Financial Services Commission to Enforce Capital Markets Act Amendment on January 19

Next Year, Penalties for Stock Price Manipulation... Maximum Fine Up to Twice the Illicit Gains View original image

Starting January next year, fines of up to twice the amount of unfair gains obtained through unfair trading such as stock price manipulation will be imposed. Even if there are no unfair gains or if it is difficult to calculate, fines of up to 4 billion KRW can be imposed.


The Financial Services Commission announced on the 28th that the amended "Capital Markets and Financial Investment Services Act (Capital Markets Act)" with these provisions will be enforced from January 19 next year.


The core of the amended Capital Markets Act is ▲ the introduction of fines for unfair trading ▲ legalization of the method for calculating unfair gains ▲ introduction of a leniency system for voluntary reporters.

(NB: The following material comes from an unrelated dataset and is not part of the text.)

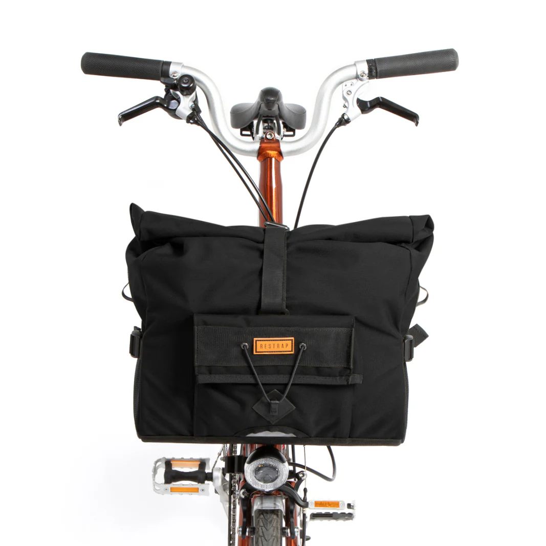 The bag is mounted via a Brompton front carrier block compatible fitting, both external and internal stiffeners enable the bag to hold its shape even when fully loaded. Made of 100% waterproof textured nylon with a tape sealed lining, spare clothes and tech are guaranteed to stay dry on the wettest of rides. The bag is also compatible with a Brompton front light, dyno light and front reflector.

A fine system was newly established for the three major unfair trading acts: insider trading, market manipulation, and fraudulent trading. Previously, only criminal penalties such as fines and imprisonment were possible. From now on, fines of up to twice the amount of unfair gains obtained through unfair trading can be imposed. Even if there are no unfair gains or if it is difficult to calculate, fines of up to 4 billion KRW can be imposed.


The amount of unfair gains is clearly defined as "the difference between total revenue and total costs," and specific calculation methods for each type of act are presented in subordinate regulations. Unfair gains refer to profits obtained or losses avoided through violations, serving as the basis for fines and penalties.


The financial authorities allow for reductions in penalties and fines if the unfair trading actor voluntarily reports the violation or testifies about another person's crime. However, reductions will not be granted if the person coerces others to participate in unfair trading or repeatedly commits unfair trading acts over a certain period.


Stock price manipulation also occurred on a large scale this year. There were three large-scale stock price manipulation detections this year. The total number of unfair trading cases handled by the Securities and Futures Commission was 104, an increase of more than 28% compared to last year. By type, there were 13 cases of insider trading, 8 cases of market manipulation, 24 cases of fraudulent trading, 3 cases of market order disruption, and 56 cases of other reporting obligation violations.


The Financial Services Commission plans to maintain a close cooperative system with the Financial Supervisory Service, Korea Exchange, and prosecution, applying a zero-tolerance principle to illegal acts that undermine the capital market order.


The Financial Services Commission stated, "From next year, the introduction of the fine system and legalization of unfair gains will enable swift and effective sanctions, allowing appropriate punishment corresponding to the actual economic benefits obtained by criminals." They added, "The introduction of a leniency system for voluntary reporters and improvements to the whistleblower reward system will activate insider reporting, effectively preventing and detecting unfair trading."



Meanwhile, sanctions for violations of short-selling restrictions have been significantly strengthened this year. The Financial Services Commission announced that after imposing fines for illegal short selling in February, a total of 37 companies were fined approximately 37.08 billion KRW throughout this year.


This content was produced with the assistance of AI translation services.